Mit „Elle“ kehrt der 78-jährige niederländische Regisseur Paul Verhoeven ins Kino zurück. Ein grandioses Vexierspiel mit einer grandiosen Isabelle Huppert in der Hauptrolle.


| Von Otto Friedrich

Zwischen erotischem Begehren und sexueller Gewalt liegt nur ein schma-ler Grat. Auch in der Filmgeschichte fehlt es nicht an Erzählungen über Möglichkeit und Unmöglichkeiten, sich auf derartigem Grat zu halten und nicht in Abgründe zu stürzen. Man denkt an Bernardo Bertolu-ccis Klassiker „Der letzte Tango in Paris“, wo die Triebe das menschliche Treiben auf der Leinwand zum Exzess werden lassen.
„Elle“, Paul Verhoevens Rückkehr ins heimische Kino nach zehn Jahren Abstinenz, ist, was das Explizite betrifft, kein Skandal, aber doch ein Tabu-Brecher: Denn wie hier mit dem Thema Vergewalti-gung umgegangen wird, kann in den Geruch geraten, sexuelle Gewalt leichtfertig für die Dramaturgie einer Filmhandlung (eine Adaption des Romans „,Oh …‘“ von Philippe Djian) einzusetzen.
Solchem Einwand steht jedoch die kompromisslose Gesellschaftsdiagnose entgegen, die „Elle“ in grandioser Weise darstellt. Mag sein, dass diese doch arg zynisch ausfällt. Aber die Art und Weise, wie Paul Verhoeven im Verein mit seiner einmal mehr großartigen Hauptdarstellerin Isabelle Huppert dies umsetzt, macht das Opus des 78-jährigen Niederländers zum Filmereignis ersten Ranges.
Michèle (Huppert) ist die toughe Leiterin einer Firma, die Computerspiele entwickelt, sie hält ihre Beschäftigten streng an der Kandare. Als sie eines Abends in ihre Wohnung in einem Pariser Villenviertel kommt, wartet ein in schwarzer Ganzkörpermaske gekleideter Eindringling auf sie.

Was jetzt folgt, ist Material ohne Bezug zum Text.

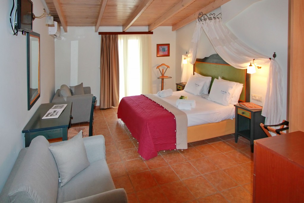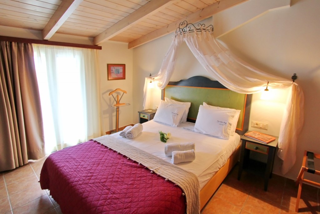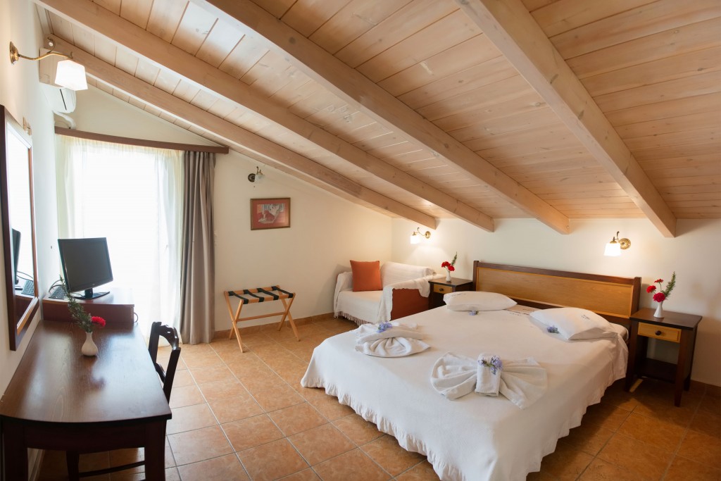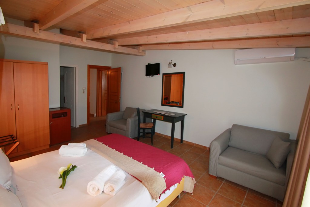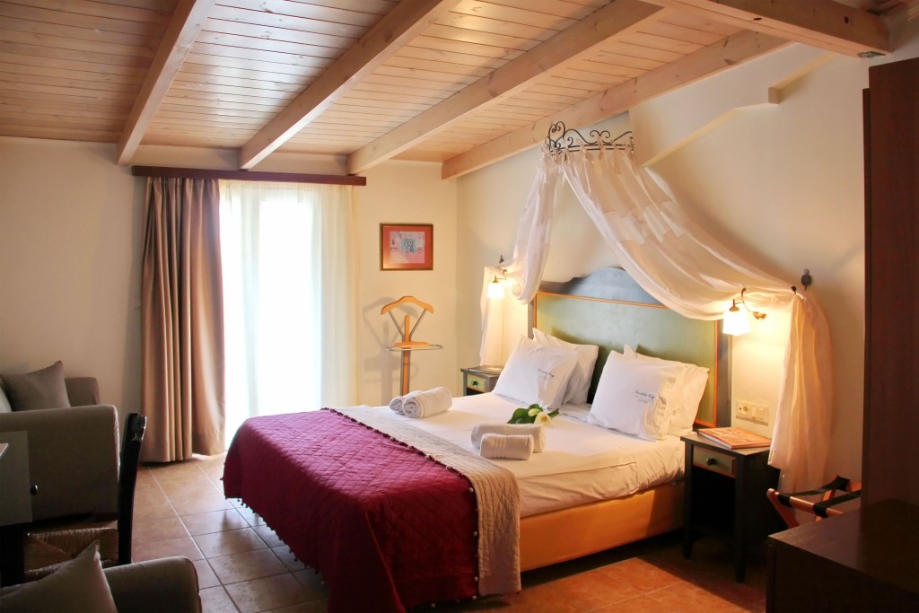 Luminose e arredate con gusto, le camere e le suite del Vassiliki Bay Hotel dispongono di balcone, bagno privato, aria condizionata, TV satellitare e frigorifero.

Schonungslos, brutal, ungeschönt

Der Film beginnt bildlos nur mit den Geräuschen dieser Vergewaltigung. Aber auch als sich zum Ton dann die Bilder und Schnitte gesellen, bleibt Verhoeven schonungslos: brutal, entwürdigend. Verbrecherisch ist das Geschehen, das der Film ungeschönt zeigt.
Doch Michèle reagiert nicht so, wie man es von einem Opfer erwartet. Sie verständigt keineswegs die Polizei (und tut dies auch in der Folge nicht), sondern wirft die Unterwäsche sowie die im Zuge der Gewalt zu Bruch gegangenen Einrichtungsgegenstände in den Mistkübel und setzt sich dann in die Badewanne.
Irgendwann erzählt sie Freunden beiläufig von der Vergewaltigung – die nicht die einzige bleiben wird; und diese sind entsetzt, dass sie dagegen nichts unternimmt. Nach und nach enthüllt der Plot, dass diese bourgeoise Exis-tenz voller Abgründe ist: Michèle hat ein Verhältnis mit dem Mann von Anna (Anne Consigny), mit der sie gemeinsam die Computer-spielfirma leitet. Und von ihren Spiel-Entwicklern fordert sie immer explizitere Gewaltdarstellungen ei-nes Fantasy-Monsters, das sich im Computerspiel an einer ätherischen Maid vergeht.
Alles in „Elle“ ist ein Vexierbild: Eigentlich jede Figur entpuppt sich – je nach Blickwinkel – als gleichermaßen gut wie als böse, und es gibt kein Setting, das nur einen Augenblick lang beruhigend wäre. Ob eine Vergewaltigung das ist, was sie zeigt – oder die Erfüllung einer sexuellen Fantasie, bleibt ebenso offen wie die Legitimität von Lebensbewältigungen, die einem in „Elle“ auf geradezu aufdringlich bunte und Konventionen hinter sich lassende Weise angeboten werden. Einen durch und durch bösartigen Blick auf diese Gesellschaft erlaubt sich Verhoeven, und er wird in „Elle“ zum genialen Fortführer filmischer Vivisektion der Bourgeoisie, wie sie der Altvordere Luis Buñuel von den 1950er- bis in 1970er-Jahre vorgelegt hat.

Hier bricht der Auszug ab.